Material for this task —
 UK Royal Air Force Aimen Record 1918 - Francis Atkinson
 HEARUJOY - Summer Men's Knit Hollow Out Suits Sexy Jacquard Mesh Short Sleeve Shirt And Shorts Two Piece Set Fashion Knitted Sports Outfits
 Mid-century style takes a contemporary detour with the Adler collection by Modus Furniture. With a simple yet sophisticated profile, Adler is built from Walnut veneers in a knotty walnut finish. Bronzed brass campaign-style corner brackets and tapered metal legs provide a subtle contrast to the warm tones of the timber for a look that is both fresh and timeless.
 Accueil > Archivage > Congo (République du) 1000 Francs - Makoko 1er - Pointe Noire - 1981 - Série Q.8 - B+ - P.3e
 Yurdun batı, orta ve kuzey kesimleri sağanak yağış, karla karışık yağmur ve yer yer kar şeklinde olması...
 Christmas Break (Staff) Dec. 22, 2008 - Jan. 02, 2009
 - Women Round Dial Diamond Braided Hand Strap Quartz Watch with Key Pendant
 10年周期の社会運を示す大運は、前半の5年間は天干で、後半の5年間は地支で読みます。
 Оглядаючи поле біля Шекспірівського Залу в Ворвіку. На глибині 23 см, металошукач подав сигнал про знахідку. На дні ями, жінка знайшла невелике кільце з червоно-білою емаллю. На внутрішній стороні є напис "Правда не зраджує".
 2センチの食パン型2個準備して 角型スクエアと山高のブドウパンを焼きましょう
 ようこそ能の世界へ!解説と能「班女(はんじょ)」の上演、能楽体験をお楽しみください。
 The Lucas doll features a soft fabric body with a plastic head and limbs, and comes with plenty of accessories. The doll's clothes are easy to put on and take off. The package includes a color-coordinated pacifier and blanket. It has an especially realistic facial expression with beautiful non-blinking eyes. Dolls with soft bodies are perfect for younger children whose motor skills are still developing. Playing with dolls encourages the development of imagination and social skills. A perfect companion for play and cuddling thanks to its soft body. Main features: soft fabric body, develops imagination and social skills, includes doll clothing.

What is needed — Print out the entire listing. Keep every line exact.

Your solution —
 UK Royal Air Force Aimen Record 1918 - Francis Atkinson
 HEARUJOY - Summer Men's Knit Hollow Out Suits Sexy Jacquard Mesh Short Sleeve Shirt And Shorts Two Piece Set Fashion Knitted Sports Outfits
 Mid-century style takes a contemporary detour with the Adler collection by Modus Furniture. With a simple yet sophisticated profile, Adler is built from Walnut veneers in a knotty walnut finish. Bronzed brass campaign-style corner brackets and tapered metal legs provide a subtle contrast to the warm tones of the timber for a look that is both fresh and timeless.
 Accueil > Archivage > Congo (République du) 1000 Francs - Makoko 1er - Pointe Noire - 1981 - Série Q.8 - B+ - P.3e
 Yurdun batı, orta ve kuzey kesimleri sağanak yağış, karla karışık yağmur ve yer yer kar şeklinde olması...
 Christmas Break (Staff) Dec. 22, 2008 - Jan. 02, 2009
 - Women Round Dial Diamond Braided Hand Strap Quartz Watch with Key Pendant
 10年周期の社会運を示す大運は、前半の5年間は天干で、後半の5年間は地支で読みます。
 Оглядаючи поле біля Шекспірівського Залу в Ворвіку. На глибині 23 см, металошукач подав сигнал про знахідку. На дні ями, жінка знайшла невелике кільце з червоно-білою емаллю. На внутрішній стороні є напис "Правда не зраджує".
 2センチの食パン型2個準備して 角型スクエアと山高のブドウパンを焼きましょう
 ようこそ能の世界へ!解説と能「班女(はんじょ)」の上演、能楽体験をお楽しみください。
 The Lucas doll features a soft fabric body with a plastic head and limbs, and comes with plenty of accessories. The doll's clothes are easy to put on and take off. The package includes a color-coordinated pacifier and blanket. It has an especially realistic facial expression with beautiful non-blinking eyes. Dolls with soft bodies are perfect for younger children whose motor skills are still developing. Playing with dolls encourages the development of imagination and social skills. A perfect companion for play and cuddling thanks to its soft body. Main features: soft fabric body, develops imagination and social skills, includes doll clothing.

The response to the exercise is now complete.